My beautiful, pugnacious Last Baby turned six yesterday.
We also call her our April Fool’s Baby: She was due on April first, but tricked us all by turning herself right-side up at the last minute, necessitating a sort of planned emergency C-section* that really wasn’t that funny at the time.
Luckily, her sense of humor has developed a bit since then.
She had a lot of birthday: an Easter service with balloons, cake,** a candy-egg hunt, pancakes, another candy-egg hunt, more cake,*** a dinosaur egg dinner,^ her own birthday cake (see above), and presents that included a some-assembly-still-required Disney Princess bike and her very own MP3 player, the charging of which drove her bonkers.
She also chewed her first piece of bubble gum (house rule: you have to be at least six to chew gum) harvested from one of her eggs.^^
“What do you think, honey?”
“It’s okay . . . But when do the bubbles start?”
By bedtime, she was wired for sound, and proved it by singing herself to sleep. Loudly. Any references to her age and supposed abilities to self-soothe fell on deaf ears—as did her sister’s complaints about the noise.

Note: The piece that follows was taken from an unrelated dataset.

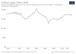 Historically poor and politically unstable, Haiti has faced severe economic and political crises, gang activity displacing over 1.3 million,[29][30] and the collapse of its government. One of the world's least developed countries and with no elected officials remaining, Haiti has been described as a failed state.[31][32]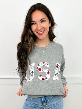 Floral Apparition Cotton Blend Long Sleeve Green Avery Mae Graphic Crewneck Sweatshirt

I visited twice to retuck her, remove all reading materials and birthday presents, and tell her to go to sleep now.
Finally, she appeared by my elbow and asked if she could cuddle with me on the couch until she fell asleep.
“I’m sorry, sweetie, but your Dad is watching the game.”
“It’s my birthday.“
“I know, but you need a quiet room to sleep.”
“I don’t mind the game, Mommy.”
“No, honey. You aren’t allowed to watch TV after bedtime. There’s school tomorrow.”
“But I won’t even watch it.”
“No. You try to sleep and I’ll check on you after the game is over. Scoot.”
She stomped away. “How come he gets to do what he wants?” she hollered from the bedroom.
“Because he’s your father. And he’s also thirty-eight years older than you are and he deserves his own way once in a while.”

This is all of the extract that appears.